*** Opening of STORED DATA ***

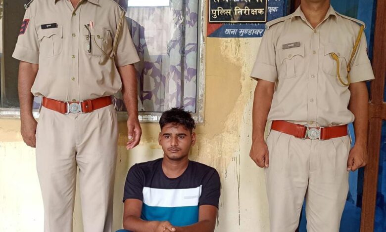 मुंडावर/थानाधिकारी संजय शर्मा ने बताया पुलिस अधीक्षक भिवाड़ी के मिशन हंड्रेड के तहत अवैध हथियारों के विरुद्ध प्रभावी कार्रवाई करते हुए ,बालकृष्ण उर्फ गोलू पुत्र वीरसिंह यादव निवासी मुंडियाखेड़ा थाना मुंडावर की गठित टीम ने अवैध देशी पिस्टल 32 बोर सहित किया गिरफ्तार।आरोपी के कब्जे से एक देसी पिस्टल 32 बोर व तीन जिंदा कारतूस किए बरामद।
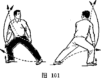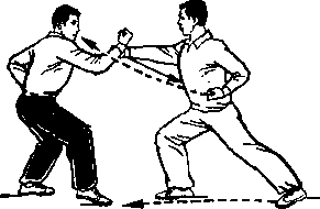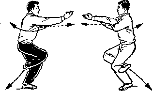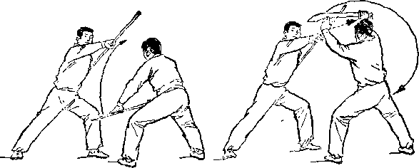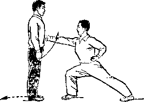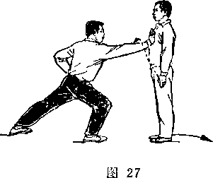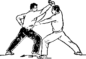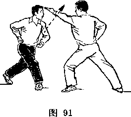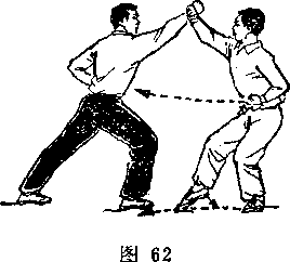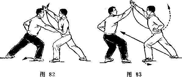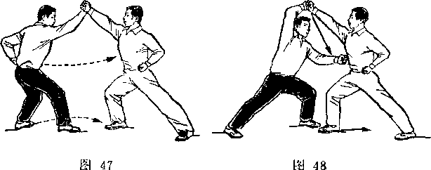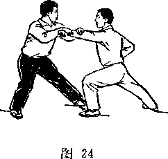 距离适当:是指双方一进一退的步幅调节要适当。双方距离 太近,肢体伸展不开,动作会受影响;距离太远又显得松散,攻 防方法不真实。
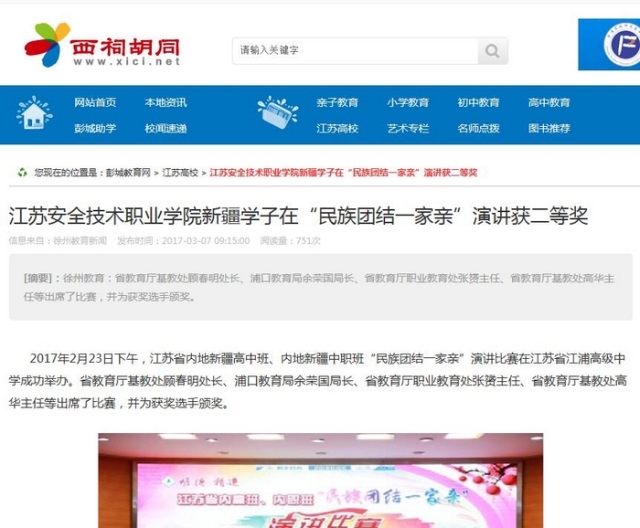 【西祠胡同】江苏安全技术职业学院新疆学子在“民族团结一家亲”演讲获二等奖
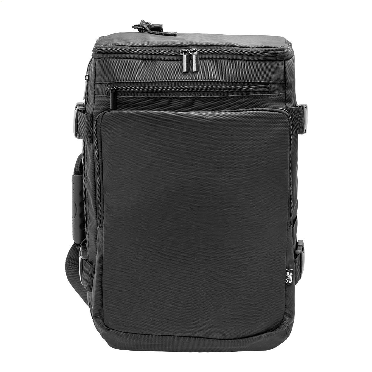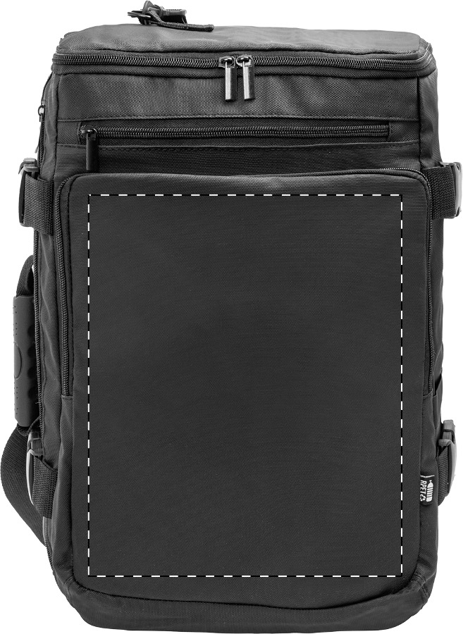 Vízálló, kétfunkciós RPET dokumentum hátizsák cipzáras fő rekesszel, két cipzáras elülső zsebbel, oldalsó zsebbel, oldalsó csatos pántokkal és párnázott laptop rekesszel (15"-os). Párnázott hátrésszel és levehető vállpántokkal. Tartalmaz egy további levehető vállpántot, amely irattáskaként is használható. PU bevonatú 600D RPET poliészter, megkülönböztető RPET címkével.

*** Close of STORED DATA ***

An unchanged copy of the data, images excluded, is all that should be given.

 मुंडावर/थानाधिकारी संजय शर्मा ने बताया पुलिस अधीक्षक भिवाड़ी के मिशन हंड्रेड के तहत अवैध हथियारों के विरुद्ध प्रभावी कार्रवाई करते हुए ,बालकृष्ण उर्फ गोलू पुत्र वीरसिंह यादव निवासी मुंडियाखेड़ा थाना मुंडावर की गठित टीम ने अवैध देशी पिस्टल 32 बोर सहित किया गिरफ्तार।आरोपी के कब्जे से एक देसी पिस्टल 32 बोर व तीन जिंदा कारतूस किए बरामद।
 距离适当:是指双方一进一退的步幅调节要适当。双方距离 太近,肢体伸展不开,动作会受影响;距离太远又显得松散,攻 防方法不真实。
 【西祠胡同】江苏安全技术职业学院新疆学子在“民族团结一家亲”演讲获二等奖
 Vízálló, kétfunkciós RPET dokumentum hátizsák cipzáras fő rekesszel, két cipzáras elülső zsebbel, oldalsó zsebbel, oldalsó csatos pántokkal és párnázott laptop rekesszel (15"-os). Párnázott hátrésszel és levehető vállpántokkal. Tartalmaz egy további levehető vállpántot, amely irattáskaként is használható. PU bevonatú 600D RPET poliészter, megkülönböztető RPET címkével.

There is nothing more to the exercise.